Exercise objective.
Beginning with the line containing "Chất liệu: MFK03A" and ending with the line containing "Georgina Normandin and", write out each line of the records below exactly; pictures and lines outside that range are left out.

Extracted records.

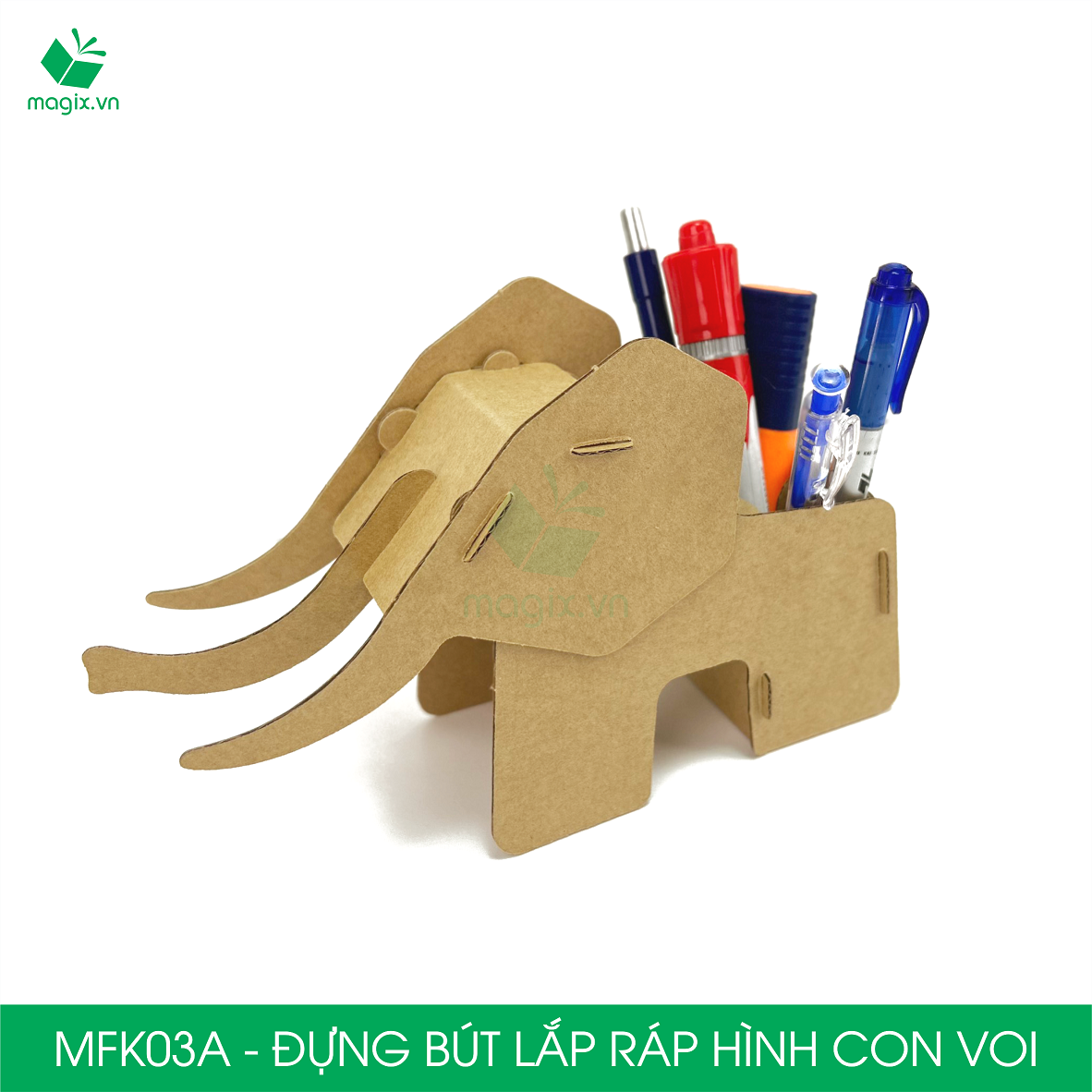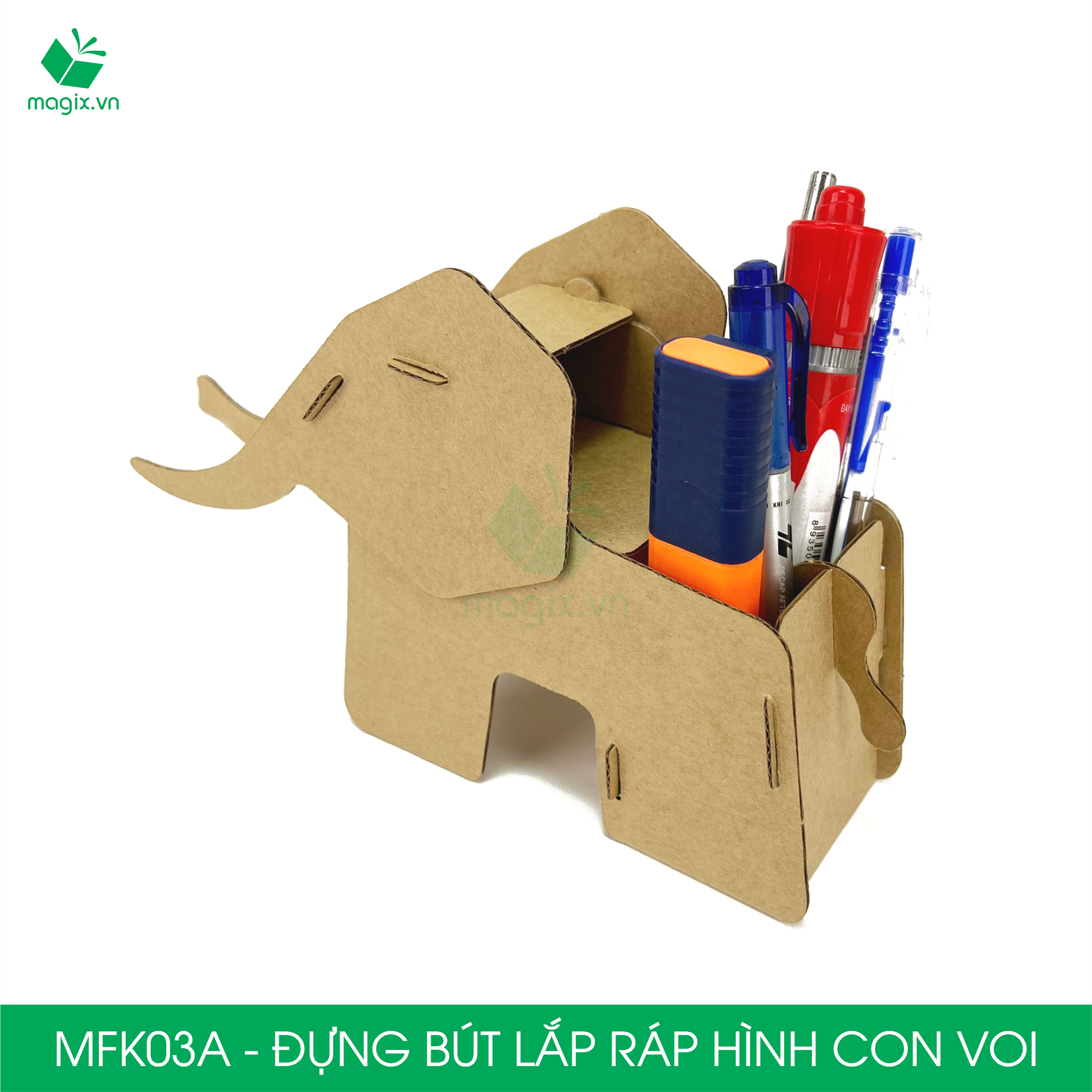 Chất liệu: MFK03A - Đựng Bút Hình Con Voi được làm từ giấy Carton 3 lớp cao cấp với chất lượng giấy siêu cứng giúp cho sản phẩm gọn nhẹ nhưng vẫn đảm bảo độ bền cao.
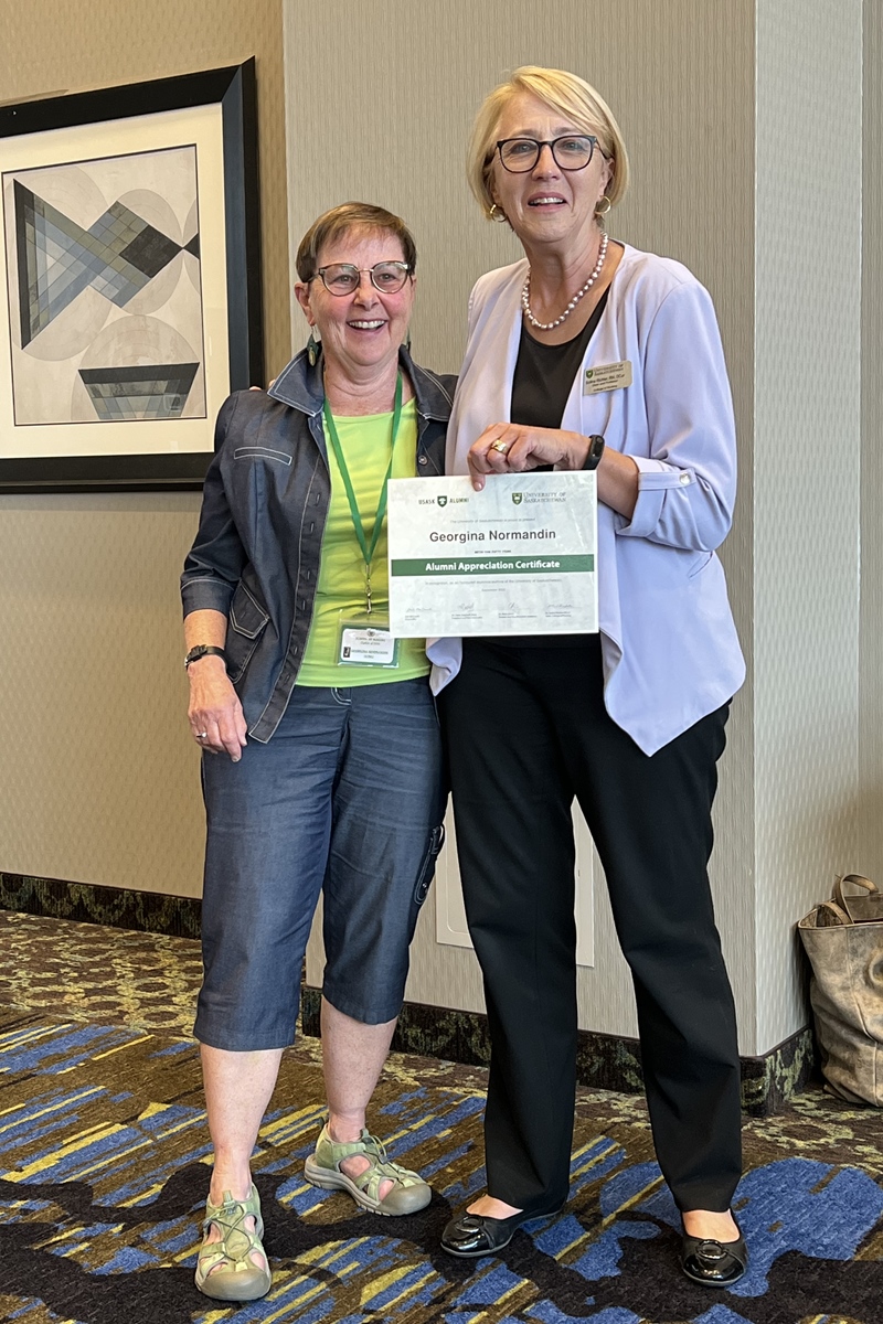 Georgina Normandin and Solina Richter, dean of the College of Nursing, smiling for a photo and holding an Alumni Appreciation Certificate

--

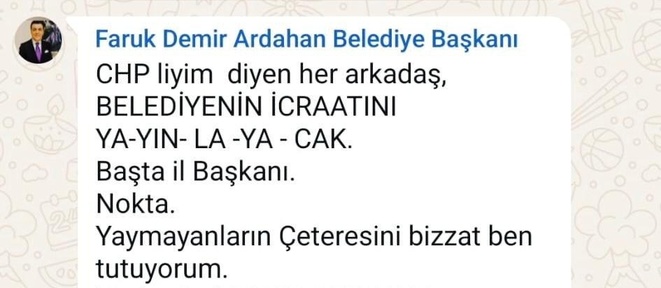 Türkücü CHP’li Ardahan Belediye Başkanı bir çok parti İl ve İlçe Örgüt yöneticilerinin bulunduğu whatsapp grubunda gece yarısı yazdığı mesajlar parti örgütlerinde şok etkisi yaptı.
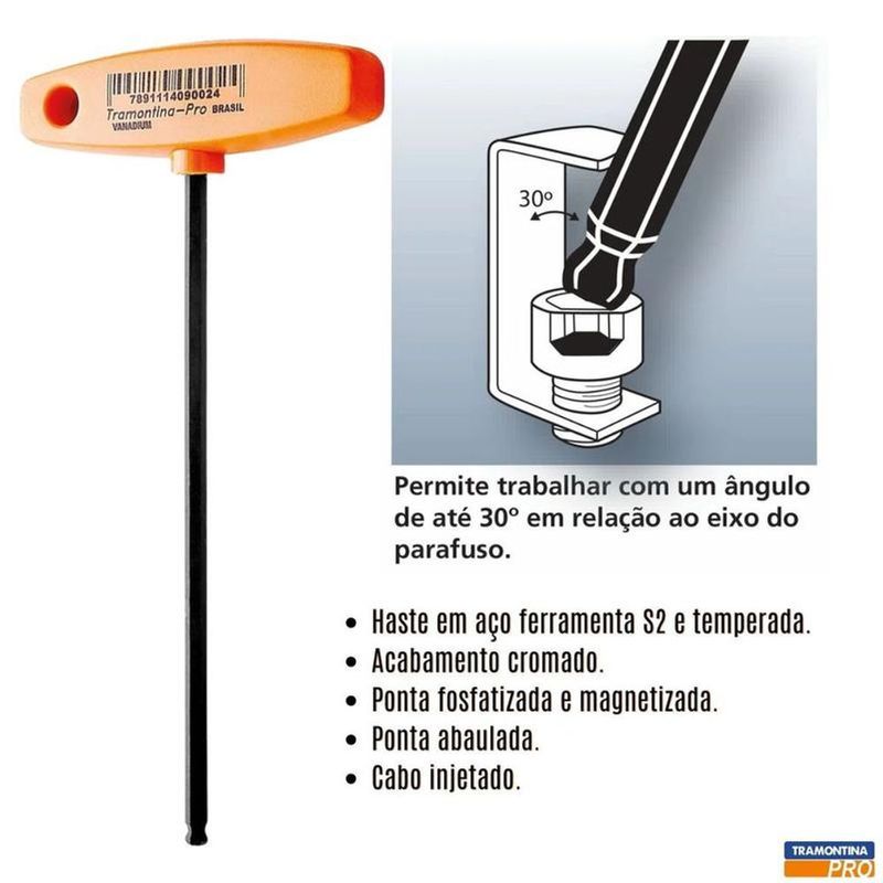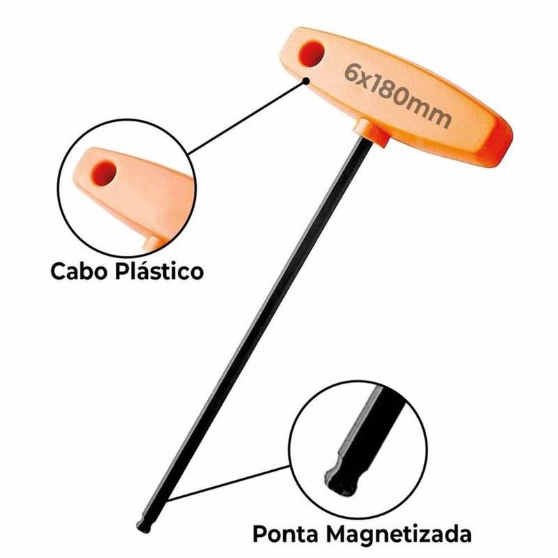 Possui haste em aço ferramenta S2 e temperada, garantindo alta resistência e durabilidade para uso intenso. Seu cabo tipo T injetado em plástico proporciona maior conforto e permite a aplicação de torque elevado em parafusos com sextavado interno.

Response.
 Chất liệu: MFK03A - Đựng Bút Hình Con Voi được làm từ giấy Carton 3 lớp cao cấp với chất lượng giấy siêu cứng giúp cho sản phẩm gọn nhẹ nhưng vẫn đảm bảo độ bền cao.
 Georgina Normandin and Solina Richter, dean of the College of Nursing, smiling for a photo and holding an Alumni Appreciation Certificate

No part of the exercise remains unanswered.